È riduttivo definirla semplicemente mostra perché è un percorso allegro e colorato lungo 60 anni, volto a mostrare e spiegare la nascita e il significato di uno stile unico e facilmente riconoscibile, consentendo così allo spettatore di comprendere e apprezzare meglio le opere, attraverso più di 120 tra dipinti, acquarelli, carboncini e sculture.
Divisa in 11 sezioni, raggruppa le opere per temi trattati, ad esempio il circo, gli omaggi, la violenza, o per la tecnica adoperata: ad esempio acquerelli, pastelli, carboncino.
Ricordiamo la prima Sezione dal titolo “Versioni”: ci sono le ricreazioni delle opere realizzate a suo modo, che sono differenti da quelle originali dei grandi maestri che aveva studiato e che gli avevano plasmato la vita e il lavoro, perché “per creare un mondo unico bisogna essere esposti alla grande arte”.
Si inizia con un “Omaggio a Mantegna” del 1958, olio su tela, esposto qui per la prima volta e recuperato in maniera quasi casuale perché venduto poco prima di settembre 2024 da Christie’s, e solo così si è riuscito a capire dove fosse e a chiederlo in prestito per allestire l’antologia.
Nonostante il titolo dell’opera, però, Botero non replica ma realizza una sintesi tra la tradizione e l’innovazione, trovando uno stile unico, con un bilanciamento tra l’aspetto emotivo e quello fisico.
È il quadro con il quale vinse il primo premio al Salone Nazionale di Pittura della Colombia e che ha rappresentato l’inizio di quella voluta ricerca sul volume durata decenni.

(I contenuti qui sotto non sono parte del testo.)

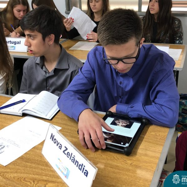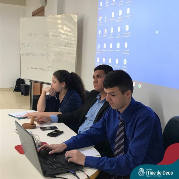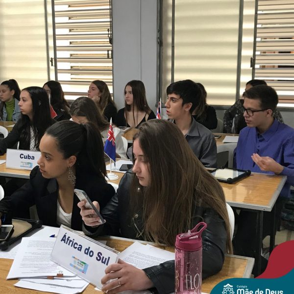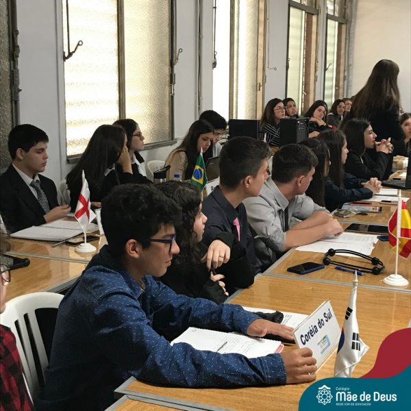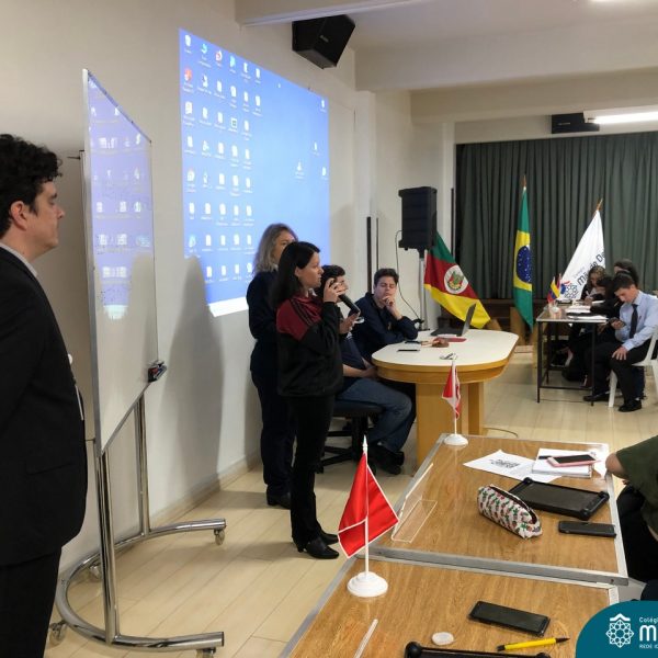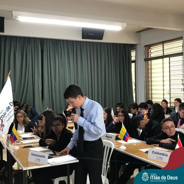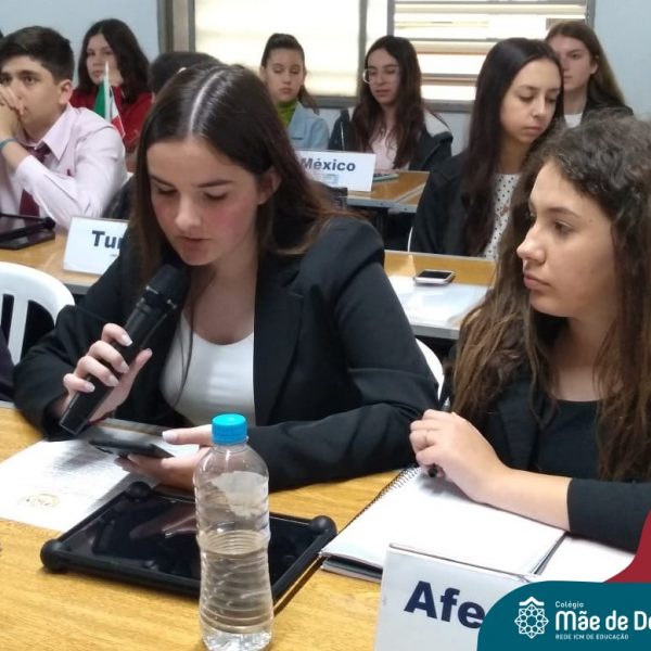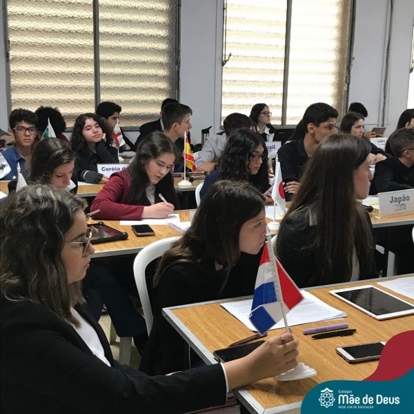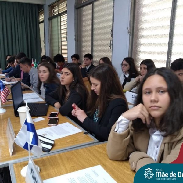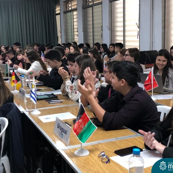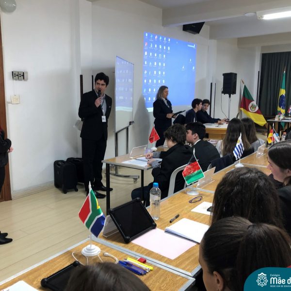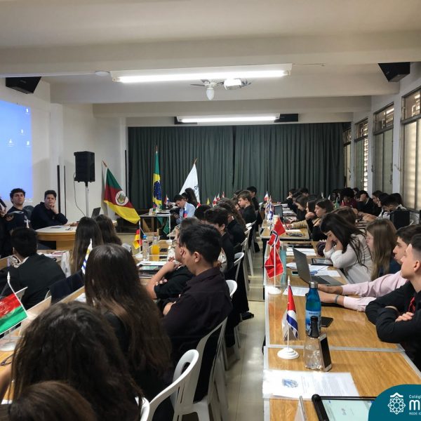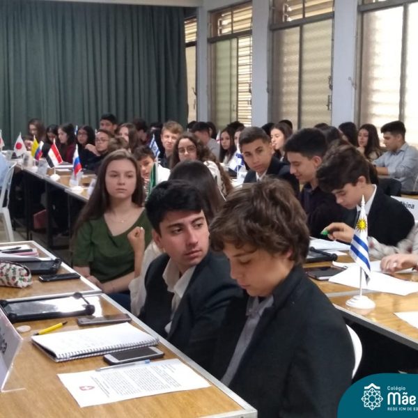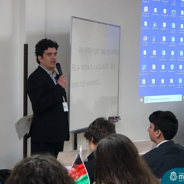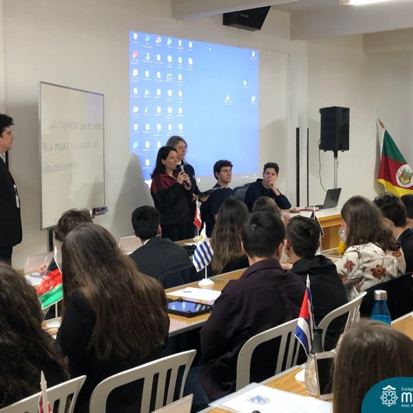 No dia 23 de outubro aconteceu o Primeiro MD MUNDI TEENAGER – Conferências Internacionais. Neste ano simulando o Comitê ONU MULHERES que discutiu a temática “A objetificação das Mulheres pela mídia e a violação dos direitos básicos.” Os alunos do 9º e do 8º ano tiveram a oportunidade de uma imersão no estudo e de serem protagonistas na proposição de alternativas de enfrentamento as problemáticas apresentadas com a orientação dos professores, Henry Juchem e Alexandre dos Santos Rosa, assessorados pelos alunos do NEA RI, e apoiados pelos demais professores, pela direção e pelos serviços de nosso Colégio.

Ecco allora rappresentati in maniera corpulenta e con colori accesi e contrastanti i membri della Corte dei Gonzaga, ritratti nel momento in cui Ludovico riceve una lettera dal segretario Marsilio Andreasi.
Seguono “La Menina” – anche questo esposto qui per la prima volta – che rimanda a Diego Velázquez, “El Diptico” ispirato a Piero della Francesca, “El Matrimonio Arnolfini”, col qual si rifà a Jan van Eyck, “La Fornarina”, che vuole essere una citazione di Raffaello, “El retrato de los Burgueses” con cui riprende Rubens.

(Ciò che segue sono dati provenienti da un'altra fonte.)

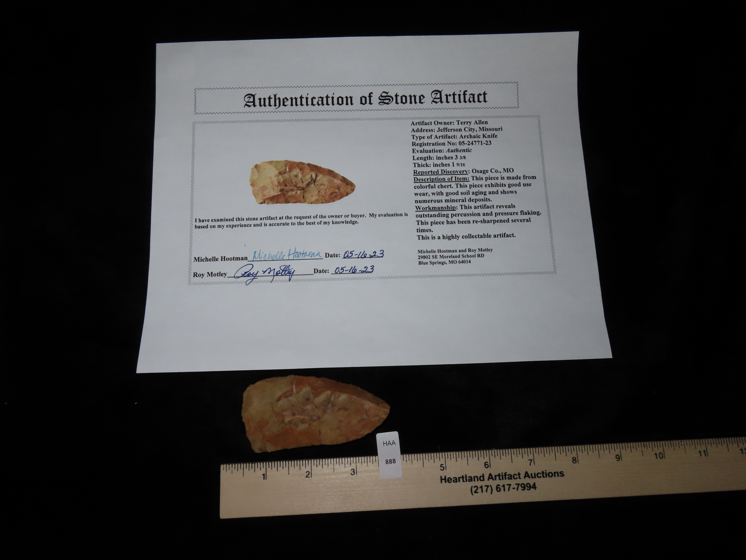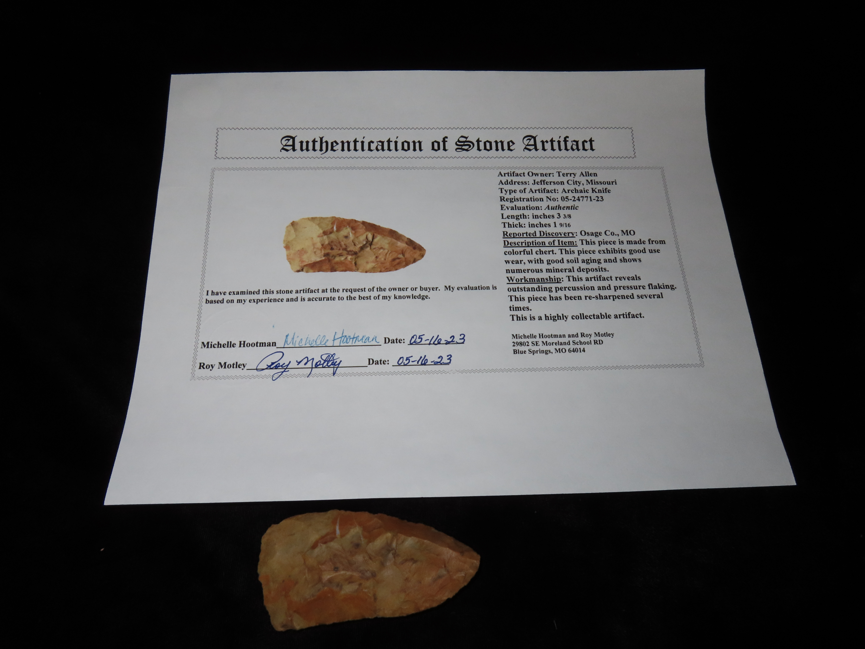 3 3/8″ Archaic Knife, Motley COA, Great Color!, found in Osage Co., Missouri, Ex Terry Allen Collection

La Terza Sezione è dedicata ai “Disegni” perché per Botero alla base del gesto creativo c’era sempre il disegno che, sebbene preparatorio per un’altra opera, per la sua bellezza può essere considerata un’opera a sé stante.
Molto bella la Quarta Sezione in cui la sua “Natura Morta” si connota per i colori accessi che richiamano le origini colombiane dell’artista e l’abbondanza dei volumi a evidenziare come non è tanto importante quello che si ripresenta, ma il come lo si fa, perché il modo diventa un elemento distintivo del pittore.

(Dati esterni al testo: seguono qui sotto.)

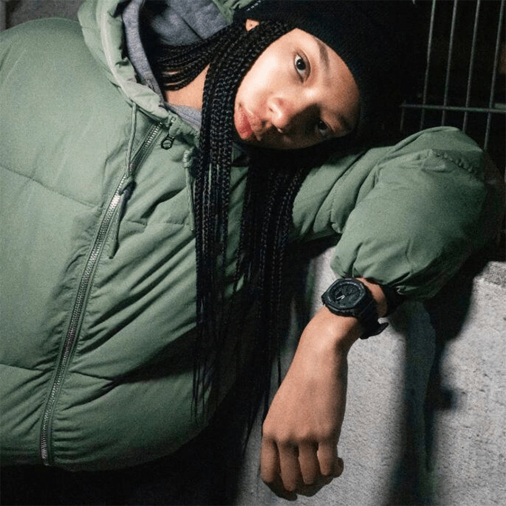 Choose the elegance and comfort of the slimmer and more compact analog-digital GMA-S2100 model, featuring modern green accents. The flat surface and simple bar indices combine in a clean and satisfying design. An original touch of green in details such as the logo, the bar indexes and the LCD display makes this watch the perfect accessory for a street style.World TimeWorld Time 31 time zones (48 cities + Coordinated Universal Time), Daylight Saving Time On/OffStopwatchHundredths of a second stopwatch Measurement range: 00'00''00~59'59''99 (for the first 60 minutes) 1:00'00~23:59'59 (after 60 minutes) Measurement unit: 1 hundredth of a second (for the first 60 minutes) 1 second (after 60 minutes) Measurement modes: Elapsed time, split time, 1st and 2nd place timesTimerCountdown timer Measurement unit: 1 second Countdown range: 24 hours Countdown start time setting range: 1 second to 24 hours (1-second increments, 1-minute increments and 1-minute increments) 1-hour increments)Audio reminder / Hourly tone5 daily audible remindersHourly toneLightDual LED light for dial (Super Illuminator, selectable illumination duration (1.5 seconds or 3 seconds), luminescence)LED backlight for digital display (Super Illuminator, selectable illumination duration (1.5 seconds or 3 seconds), luminescence)Light colorLED: WhiteCalendarFull auto calendar (up to the year 2099)Volume muteButton press tone on/offAccuracyAccuracy: u00b115 seconds per monthOther features12/24-hour formatHand tracking function (hands track so as not to block the view of the digital display contents).Regular timekeeping:Analog: 2 hands (hour, minute (hand moves every 20 seconds)), 1 dial (day of the month)Digital: hour, minute, second, pm, month, DateGlassMineral glassAdjustable strap140 to 205 mmMiscellaneousNeobriteCase dimensions (H x W x D)46.2 u00d7 42.9 u00d7 11.2 mmWeight41 gCase and bezel materialCase/bezel material: carbon / resinBandResin strapConstructionShock resistantCarbon Core Guard constructionWater resistanceWater resistant to 200 metersPower and battery lifeApproximate battery life: 3 years with SR726W X 2

Ecco allora che probabilmente i volumi erano espressione del suo approccio ironico e giocoso alla vita, perché attento più che alla forma alle emozioni che le persone e le cose sono in grado di trasmettere tramite il colore.
Molto simpatica la Sezione Sesta dedicata a “La religione. Oltre le convenzioni” in cui abbiamo “Vescovo al Bagno” e “Nostra Signora di Columbia”.
La Settima è intitolata “Il circo” con le opere forse più famose dell’artista colombiano, con i trapezisti, i pagliacci, i contorsionisti e gli elefanti, gli animali del circo per antonomasia, tema scelto perché “lì nulla è eccessivo e ogni cosa è possibile”.
E nonostante fosse convinto che l’arte dovesse evidenziare gli aspetti positivi della vita e nobilitare l’uomo piuttosto che sminuirlo, e avesse come scopo di produrre piacere, egli non è rimasto indifferente di fronte alla violenza, ritenendo che un’altra funzione dell’arte fosse la testimonianza. Ecco allora alcuni dipinti nella Sezione Nona che raffigurano gli orrori di Abu Ghraib con i prigionieri legati e imbavagliati, ammassati, dipinti volti a mostrare tutta la violenza che ha animato il governo Bush.
Particolare menzione all’istallazione che fa immergere il visitatore nelle opere di Botero attraverso la loro proiezione continua a suon di musica, in una stanza tappezzata di specchi.
Quella a Palazzo Bonaparte di Roma è davvero una rara occasione per comprendere il valore di questo grande artista, anche perché i colori nella loro pienezza e bellezza si possono apprezzare solo da vicino.